PBS Has Partnered With BBC Since The 1970s!

I attempted to watch a PBS program called BBC News: The Context. It was 30 minutes of news that had nothing to do with the United States. The first 25 minutes focused on the UK’s “asylum reform” debate, and the final few minutes covered a former Bangladeshi leader. This is what’s airing on PBS — the Public Broadcasting Service — which was sustained by taxpayer dollars for decades until federal support began winding down in 2025.

PBS has aired BBC programming since the 1970s, starting with British dramas and news shows. Over time, the partnership grew so much that many nights PBS looks like a BBC relay station. Classic BBC dramas, documentaries, and news segments fill its schedule. Since 2017,  The Context — a political program produced in London for a British audience — is being broadcast directly into American homes. PBS was created to serve American communities, yet it devotes valuable public airwaves to the BBC, a foreign network.

There are several reasons Americans should object to a British state-funded broadcaster shaping the news on PBS. PBS isn’t just airing The Context — it also fills its lineup with BBC dramas, BBC documentaries, BBC history specials, and BBC current-affairs programs that have nothing to do with American life. Rather than focusing on American issues, PBS is airing long segments on UK politics and Bangladesh, broadcasting from London with foreign hosts instead of relying on Americans.

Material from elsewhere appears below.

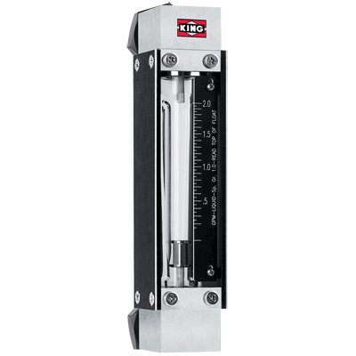 The King Instrument series 7450 flowmeter is a side plate style meter with either a 75mm (3") or 150mm (6") borosilicate glass tube and 316L stainless steel or brass connections. This meter is also available with PVC ends and Hastelloy® C-276 construction for greater chemical resistance. Series 7450 offers the following scale ranges; 0.48 to 7.4 GPM and 2 to 20 SCFM. The connection size for Series 7450 is a 3/8" female pipe thread and is designed to install horizontally. The internal components are 316L stainless steel. The fitting material options are Brass or 316L stainless steel. O-rings are Viton® standard with optional Buna-N, EPR or Kalrez®. Accuracy is ± 5% of full scale flow at 75mm and ± 3% of full scale flow at 150 mm. Turndown is 10:1 and repeatability is 1%.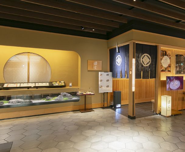 ソムリエやバーテンダーなど各種資格を備えた一流スタッフがおもてなしをするプレミアムカウンターでは、入手困難な希少銘柄や限定品などワンランク上の美酒が楽しめます。B2フードホールの他店のフードを持ち込み可能で、マリアージュ提案もお任せ。例えば、新鮮なお寿司には、透明感とキレのある静岡県の銘酒「磯自慢」を。お買い物の合間にも、本格的バーカウンターでグラスを片手にしっぽりと。

American public television should not act as a platform for another country’s news, entertainment, and cultural programming. If PBS is supposed to be “public broadcasting” for the United States, then the shows it carries should be American-made and American-focused — not imported from a foreign government-funded network. And PBS’s main interview host, Christiane Amanpour, is a British-Iranian citizen who broadcasts from London for most of the year — yet she is presented to Americans as the face of their public television news.

PBS has long been funded by Americans and was intended to highlight American-made journalism and American programming, not foreign productions, foreign perspectives, or foreign hosts.

In a media environment where Americans struggle to find honest, relevant reporting about their own cities, states, and country, PBS shouldn’t be outsourcing the job to the BBC or producing content with foreign hosts in London. Public news in America should serve American communities, American stories, and American priorities — not operate as an arm of another nation’s public propaganda.